The pair of opinions, both authored by Gorsuch, “suggest an emerging liberal-libertarian alliance in criminal justice cases,” said David H. Gans, whose progressive group, the Constitutional Accountability Center, regularly files friend-of-the-court briefs at the high court.
It’s “an important development that will be worth watching in the years to come,” Gans said.
Gorsuch, who replaced conservative icon Antonin Scalia, has inherited Scalia’s “role as the civil libertarian on criminal matters,” said South Texas College of Law Houston law professor and frequent friend-of-the-court Josh Blackman.
For the price of a fifth vote, “the progressives are signing onto some expansive language that could be used to weaken other elements of the administrative state,” Blackman said.
Gorsuch’s opinion in the child pornography supervised release case United States v. Haymond, for example, relied heavily on the Framers’ understanding of the Constitution. Known as “originalism,” it’s a doctrine embraced more frequently by conservatives.
The remaining cross-over votes have come in a hodgepodge of cases.
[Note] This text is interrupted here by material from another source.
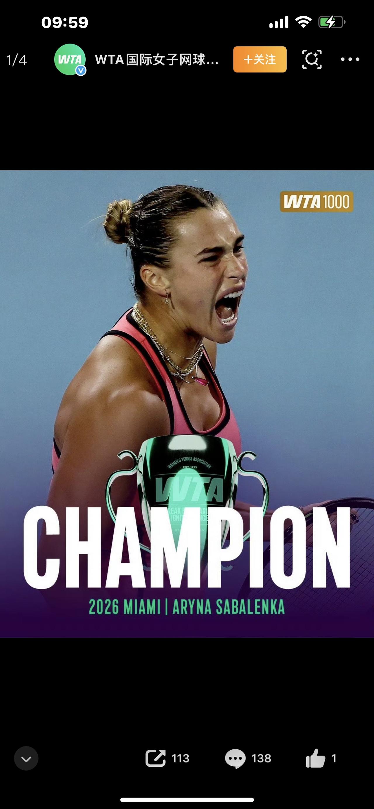 封神!萨巴伦卡卫冕迈阿密,暴力美学+12连胜,解锁阳光双冠 谁能想到?凌晨三点的网坛,直接上演热血巅峰! 世界第一萨巴伦卡,三盘鏖战2-1险胜高芙,成功卫冕迈阿密冠军,豪取12连胜,一举拿下含金量拉满的“阳光双冠”! 网友狂呼:这就是硬地女王的统治力!暴力美学+顶级韧性,直接把全网燃炸! 这场决赛,堪称教科书级的力量与意志的对决! 首盘,萨巴伦卡火力全开,势大力沉的发球+无解底线强攻,两次破发拿捏节奏,6-2速胜,仿佛在宣告“这片场地我说了算”! 谁料主场小将高芙绝不认输!第二盘疯狂调整战术,顽强防守+灵活跑动,盘末关键破发6-4扳回一城,直接把比赛拖入决胜盘! 转折来了:决胜盘,双方胶着到每一球都扣人心弦。萨巴伦卡顶住压力,开局就完成破发建立优势,尽管高芙奋力追分,但在关键第九局,萨巴伦卡再次致命破发,6-3锁定胜局! 这一刻,她握拳怒吼,释放所有压力,用实力回应所有质疑! 赛后,两人的互动更戳人!高芙真诚祝贺:“你激励我成为更好的球员”;萨巴伦卡也回敬:“我喜欢我们的竞争”,惺惺相惜的体育精神拉满! 为什么全网都在为萨巴伦卡疯狂? 因为她不仅是天赋型暴力球员,更拥有逆境翻盘的顶级韧性!本赛季23胜1负,胜率95.8%,背靠背拿下印第安维尔斯+迈阿密双冠,成为网坛历史第五位达成阳光双冠的女子球员! 她证明:真正的强者,从不是一路顺风,而是跌倒后能立刻站起来,在绝境中拿下胜利! 体育的魅力,从来不止于胜负,更在于永不言弃的拼搏! 致敬萨巴伦卡的硬核卫冕,也致敬高芙的顽强拼搏! 接下来的征程,期待她继续书写传奇,硬地女王,继续称霸!萨巴伦卡大满贯 萨巴伦卡大满贯 萨巴伦卡挑战赛 萨巴伦卡秀奖杯

Gorsuch twice joined his more liberal colleagues this term in tribal cases that backed the Indian tribes.
Roberts—the next most frequent justice to side with the liberals—crossed over earlier this year in a death penalty win for an inmate with dementia.
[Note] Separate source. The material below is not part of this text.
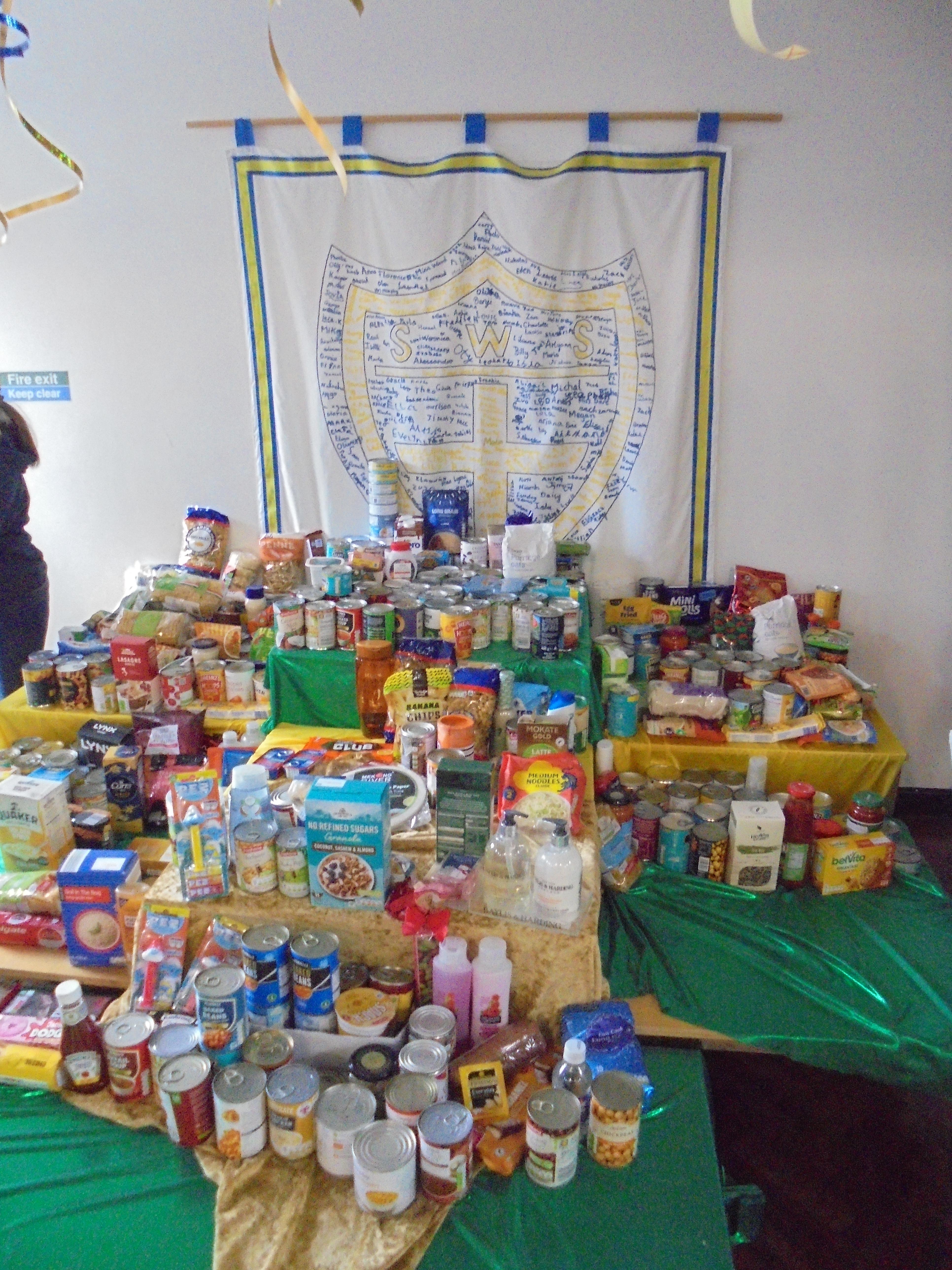 The school council did a great job helping to sort and display the food donated for the foodbank!

He also crossed over June 26 in a highly anticipated administrative law case that sought to curtail federal agency power. The vote was technically 9-0, but the justices were divided 5-4 in their reasoning.
Roberts’ vote helped preserve a longstanding doctrine requiring courts to defer to administrative agencies’ interpretation of ambiguous regulations, suggesting the the Chief Justice may not be as willing to overturn precedent as his conservative colleagues.
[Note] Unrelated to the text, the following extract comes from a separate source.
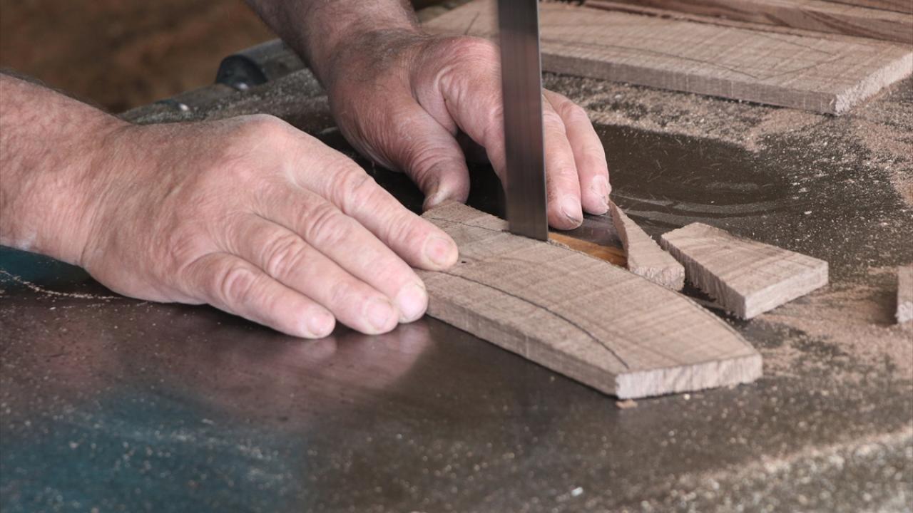 İşe ceviz, gürgen, kestane, meşe, akasya ve dut ağaçlarını kurutmakla başlayan Saraç, yaklaşık 1,5 yıllık kurutma işleminin ardından elde ettiği parçalara şekil vererek dümen üretiyor.

These cross-over votes by the Chief Justice are often explained by his desire for consensus building, said McDermott partner Paul W. Hughes.
He pointed to Roberts’ latest cross-over vote in the administrative law case, which really seemed to push the court to the middle, Hughes said. Hughes argued for the petitioner in that case.
That cross-over put Roberts just ahead of Justice Clarence Thomas, who’s crossed over a total of six times since joining the court in 1991. Roberts has joined liberal in a 5-4 vote seven times, including his controversial vote in 2012 to uphold Obamacare.
Thomas’s sixth cross-over vote came in a class action decision favoring class action plaintiffs.
Justice Samuel Alito, who has been on the bench since 2006, had his first ever cross-over vote June 20 in a case about sex offender registries.
Hughes said Alito’s vote can be explained in part by the fact that Alito is a former prosecutor, and the court’s decision came down against criminal defendants.
Others have suggested that Alito’s vote isn’t a true cross-over based on the language in his separate concurrence.
At issue was a little-used doctrine known as the non-delegation doctrine, which curbs the power Congress can hand over to the executive.
Alito said it wasn’t the appropriate time to revive the doctrine, but added that he’d be open to doing so "[i]f a majority of this Court were willing to reconsider the approach we have taken for the past 84 years.”
“But because a majority is not willing to do that, it would be freakish to single out the provision at issue here for special treatment,” Alito wrote.
The court’s newest justice, Brett Kavanaugh, also racked up his first cross-over vote this term.
He sided with his more liberal colleagues in an antitrust case against tech-giant Apple.